尺三寸の五人官女を五つの節句に見立て、各々の節句の代名詞たり得る飾り物を作って持たせるというプランで始めた制作が、全て完成しました。乗っている時というのはこんなもので、どんどん出来上がるのです。
先に、人日の『掛け蓬莱』と重陽の『茱萸嚢』はご覧に入れましたが、画像は上巳の『流水桜橘』(本体8.7cm)、端午の『真の薬玉』(本体15cm)、七夕の『七夕花扇』(29cm)です。それぞれが実物の約3分の1のサイズというだけのことで、作り方や構成は殆ど変わりません。ただ、人形に持たせることですから、多少ずんぐりと丸みを持たせるように作ってはあるのです。
『七夕花扇』に添えた漆塗りの手箱は、花扇を届ける際に"匂い"と呼ばれる花使いの女性が手にする、送り状を入れた箱です。
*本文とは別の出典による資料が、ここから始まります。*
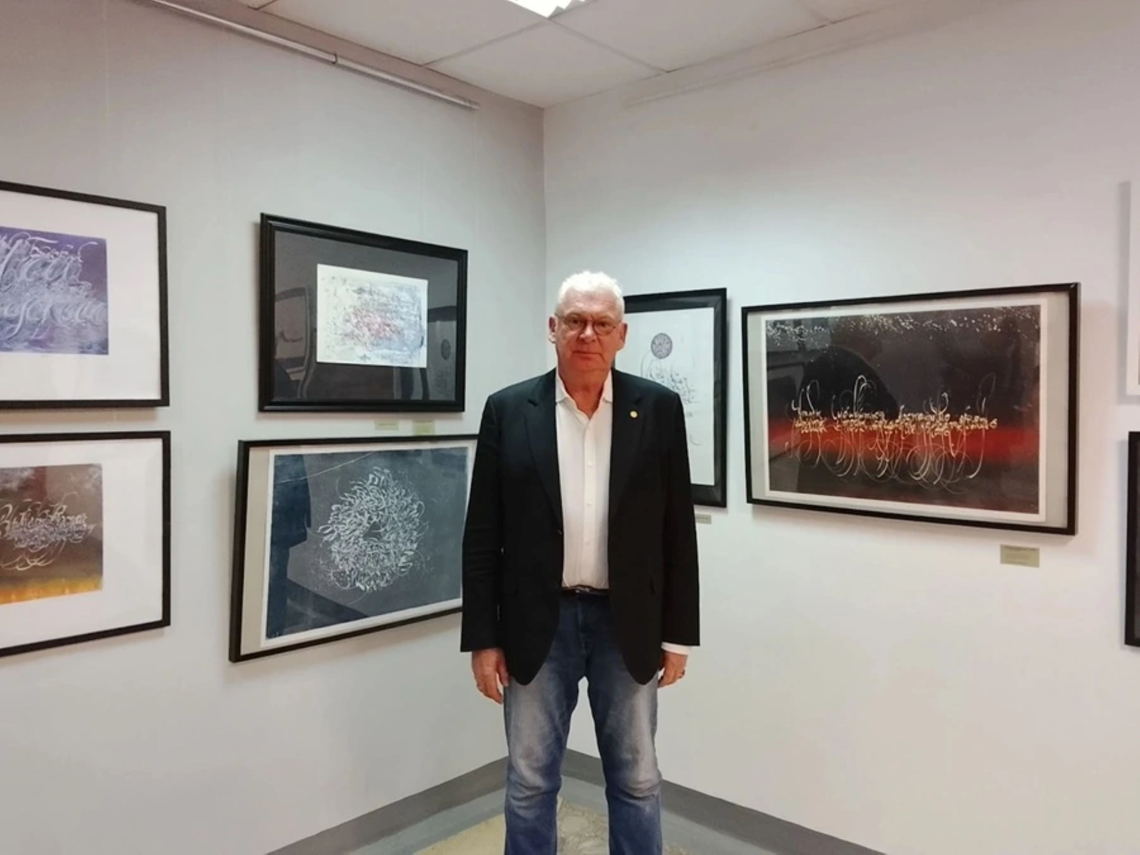 «Когда я готовился к этой выставке, передо мной встала большая проблема: что выбрать? У меня очень разноплановые работы: я пишу и готическим шрифтом, и скорописью, и вязью. Есть работы, выполненные не на бумаге, а на холсте. Я подумал, что если взять по одной-две работы разных стилей, выставка не будет восприниматься цельно. А я стремился к единому стилевому решению», — рассказывает художник (по материалам https://tramplin.media/news/9/7473) .

実際にはこんな絵が描かれているわけではないのですが、七夕に合わせて、梶の葉を浮かべた角盥と五色糸を金泥で描いてみました。
箱の寸法は、この七夕花扇のモデルとした住吉広定画『七夕花使図』(奈良県立美術館蔵)の絵からの比率で出してあり、ちょうど6cmの長さになりました。もちろん中には、毛筆で書かれた送り状も入っています。
以前三宝に載せて官女に持たせた極小の五節句飾りと違って、これくらいのサイズがあれば、大きさからの限界から「ここまでしか出来ない」といった欲求不満を募らせる事もありませんでしたし、小ささを感じさせずに実物を彷彿とさせる飾り物に出来たのではないかと思っています。
まだ官女に持たせてはいないので、『掛け蓬莱』や『茱萸嚢』のように上手く嵌ってくれるかどうかは分かりませんが、最も問題なのは五人がこの飾りを持って並んだ時、煩雑に過ぎはしないかという事なのです。
とは言うものの、残念ながら今年もまた雛飾りの予定も持てず、桃の節句の到来にも箱の中で過ごしてもらわなくてはならない雛たちですから、確認のために手にさせてみる機会には必ず写真に残し、ささやかながら晴れの舞台にしたいと考えています。